§ **Task objective**:
The answer must be only the lines below from the one holding "wow, the banh" down to the one holding "رحالة يمني على", ends included, printed exactly; please omit all pictures.

§ **Recorded information**:
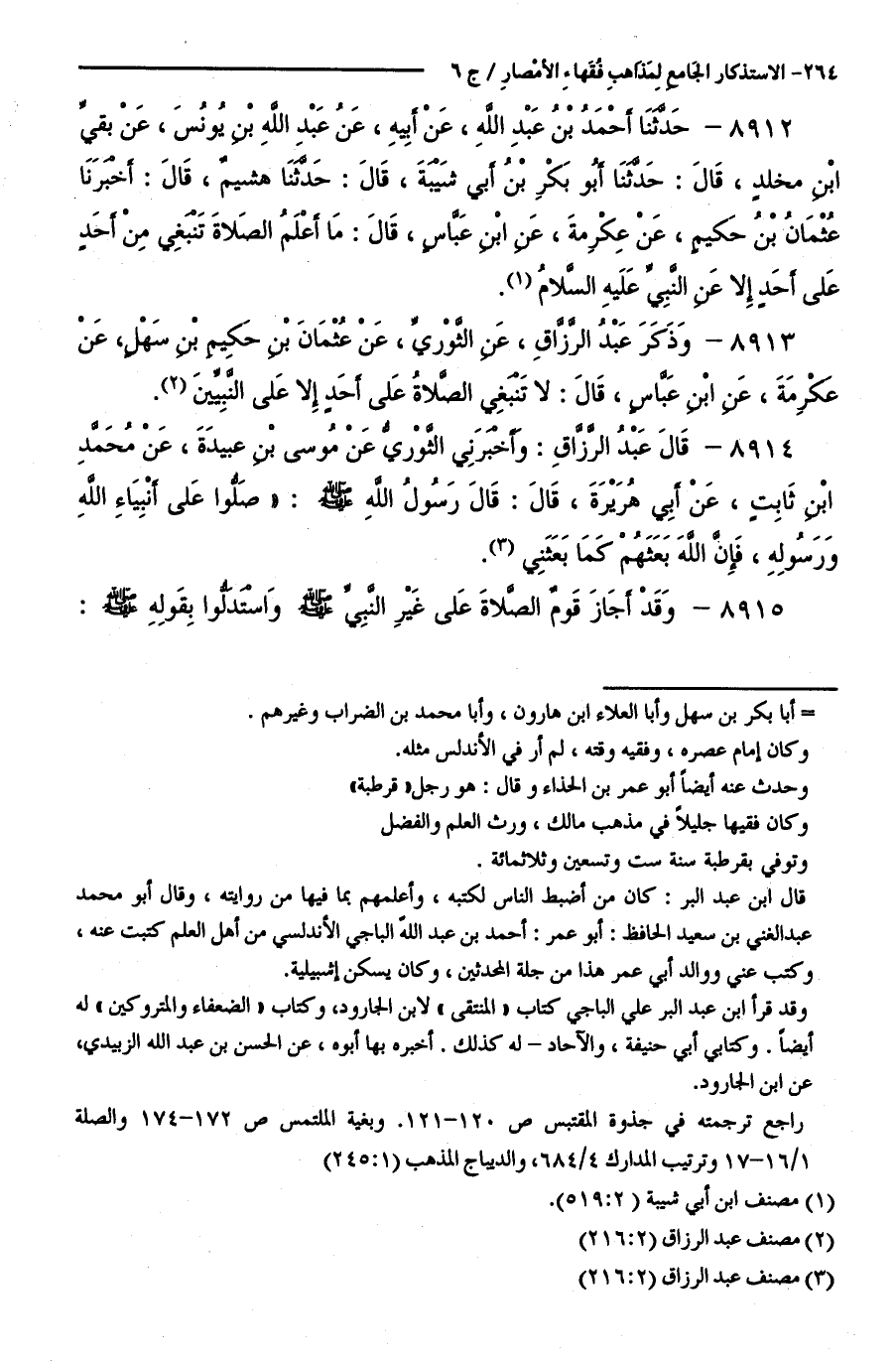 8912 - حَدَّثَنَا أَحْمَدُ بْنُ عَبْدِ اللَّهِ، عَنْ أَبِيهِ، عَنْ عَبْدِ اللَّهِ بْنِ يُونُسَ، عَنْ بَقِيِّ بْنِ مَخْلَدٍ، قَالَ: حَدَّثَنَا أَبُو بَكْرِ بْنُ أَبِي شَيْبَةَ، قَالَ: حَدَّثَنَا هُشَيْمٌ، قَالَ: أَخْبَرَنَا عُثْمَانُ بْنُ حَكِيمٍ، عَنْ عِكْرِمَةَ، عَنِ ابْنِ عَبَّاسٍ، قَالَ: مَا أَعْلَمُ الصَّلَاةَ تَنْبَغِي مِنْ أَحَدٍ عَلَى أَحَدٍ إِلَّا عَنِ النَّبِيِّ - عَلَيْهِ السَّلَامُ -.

--

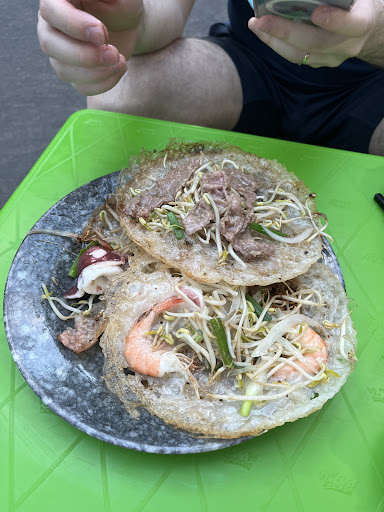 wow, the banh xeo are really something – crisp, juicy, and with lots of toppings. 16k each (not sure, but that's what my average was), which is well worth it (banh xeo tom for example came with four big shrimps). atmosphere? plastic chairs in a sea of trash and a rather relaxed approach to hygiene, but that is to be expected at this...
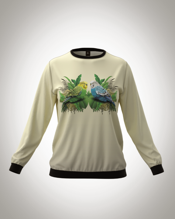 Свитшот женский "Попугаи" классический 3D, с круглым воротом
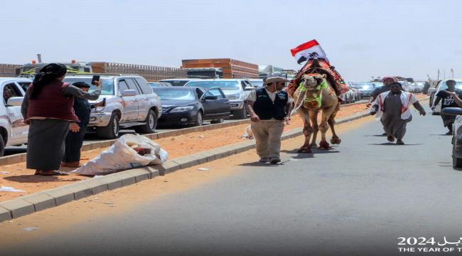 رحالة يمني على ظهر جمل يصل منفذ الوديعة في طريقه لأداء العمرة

--

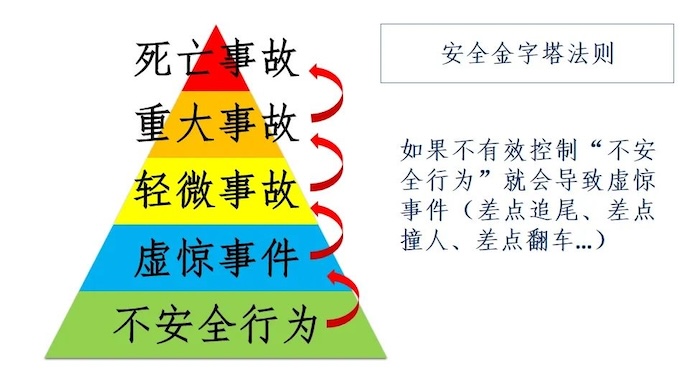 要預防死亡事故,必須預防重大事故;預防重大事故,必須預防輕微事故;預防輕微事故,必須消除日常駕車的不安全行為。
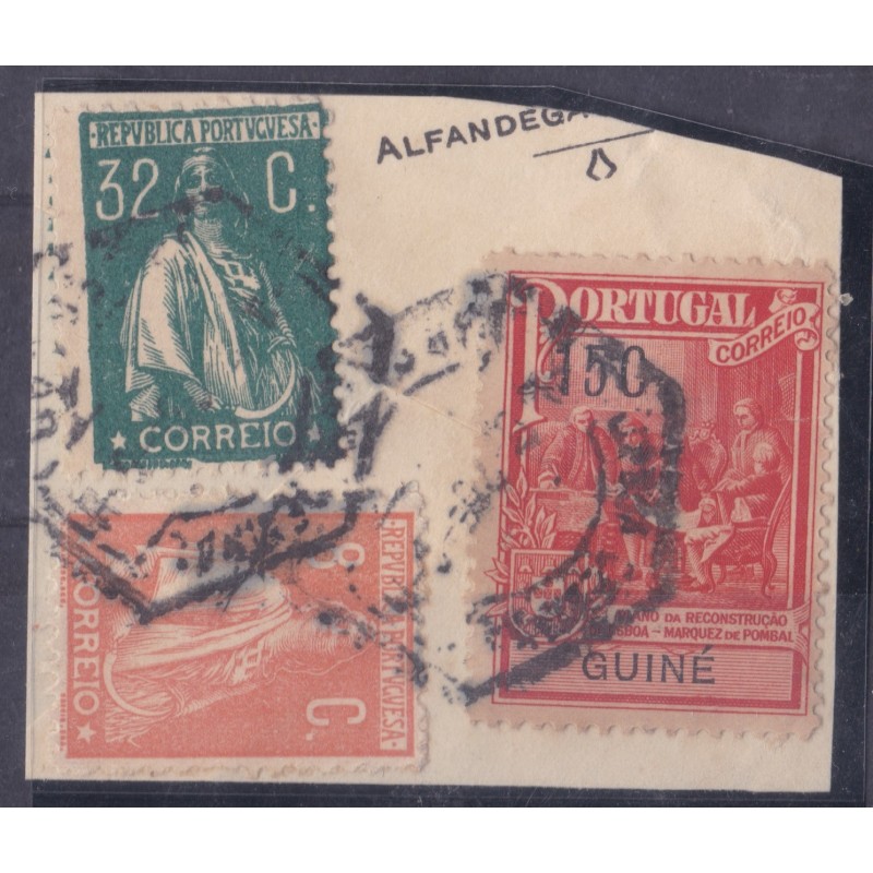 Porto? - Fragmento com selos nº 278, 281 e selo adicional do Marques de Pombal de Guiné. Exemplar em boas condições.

§ **Answer space**:
 wow, the banh xeo are really something – crisp, juicy, and with lots of toppings. 16k each (not sure, but that's what my average was), which is well worth it (banh xeo tom for example came with four big shrimps). atmosphere? plastic chairs in a sea of trash and a rather relaxed approach to hygiene, but that is to be expected at this...
 Свитшот женский "Попугаи" классический 3D, с круглым воротом
 رحالة يمني على ظهر جمل يصل منفذ الوديعة في طريقه لأداء العمرة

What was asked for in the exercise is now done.